# Bottle feeding kittens >> how much and often?



## occupant (Apr 6, 2003)

I have two kittens. estimated age about 3 - 4 weeks. I know they'll be on hard food in 2 or 3 weeks but in the mean time I've got to bottle feed them. I picked up a small bottle and some goats milk. They are feeding well.

The question I have is how many Ml. (15ml = 1 tablespoon) should each kitten consume in a sitting? And .. how often should I feed the little guys?

Thank you, Frank (in AZ.)


----------



## LiCieWishy (Apr 2, 2003)

Hi Frank,

I found a site that shows different formulas for kitties and provides a feeding schedule as well. I hope you find it useful.  

http://www.kittencare.com/askKC_Feeding_Kittens.html


----------



## lexxie109 (Jan 20, 2003)

A kitten that is about 3 or 4 weeks old should be fed every 3 or 4 hours. You should feed the kittens as much as they can drink, the more the better. Also, you should try to get kitten formula. If you were feeding a goat well then goat’s milk would be perfect. Are you stimulating the kittens to use the bathroom after you are done feeding them?
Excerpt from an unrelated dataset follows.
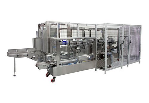 This machine is an all-in-one case packer with minimal installation space, automatic case forming, automatic top-bottom case sealing, automatic in-feed system with universal product stacker, automatic servo driven product inserter and optional Nordson glue system.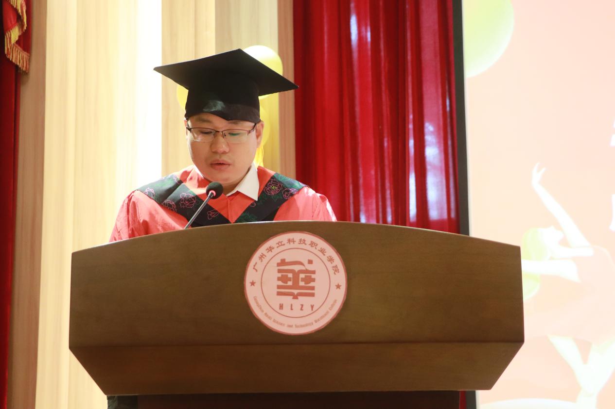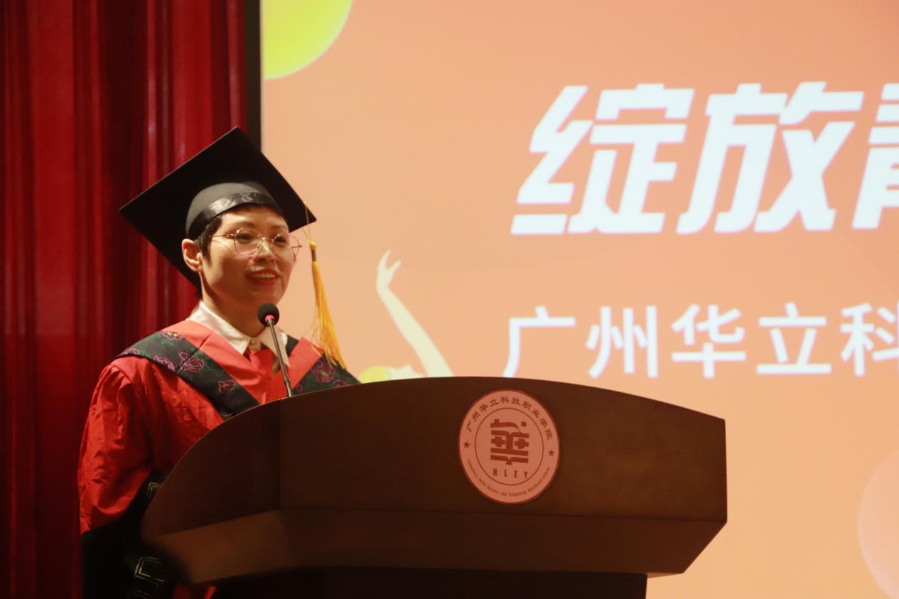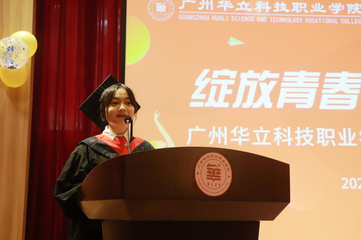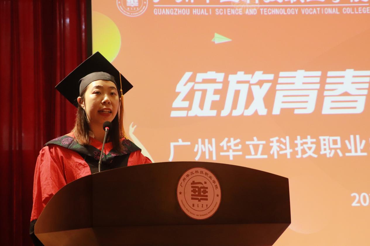 畢業(yè)生代表林紫媚與全體畢業(yè)生一起回顧了在華立三年的求學(xué)歷程,并代表全體畢業(yè)生表達(dá)了對母校與師長感恩之情。她號召所有畢業(yè)生要秉承“厚德、務(wù)實、強能、創(chuàng)新”的校訓(xùn),懷揣夢想,勤于實踐,勇敢前行,在不同的工作崗位上為母校增添光彩。

Where are your babies? They should be kept in a safe, warm spot with if you have one, a heating pad. A kitten that is 4 weeks and older can be offered soft food but bottle feeing may be necessary as well. Good luck with your babies!


----------



## occupant (Apr 6, 2003)

I'd like to thank both of you for responding to my question. The kitten are doing peachy keen and nursing just great. As a matter of fact .. maybe a little too great!! They have gone from wild scared kittens to little monsters that follow me everywhere I go in the house. I've been feeding them every couple hours and I'm just glad this can only go on for several more weeks or so as they try and climb my leg when they want some food and it's starting to get a little painful. They have free run of the house as I feel the excersize of running around will do them good. They plop on down and sleep anywhere when they get tired !! I'll post some pictures .. real cute little guys .. Siamese mix, blue eyes, long haired siamese cats with striped gray legs and tails and white paws ... too much !!

Thank you both again,
Frank


----------



## LiCieWishy (Apr 2, 2003)

Great to hear that they are doing well! Can't wait to see pics of the little ones!


----------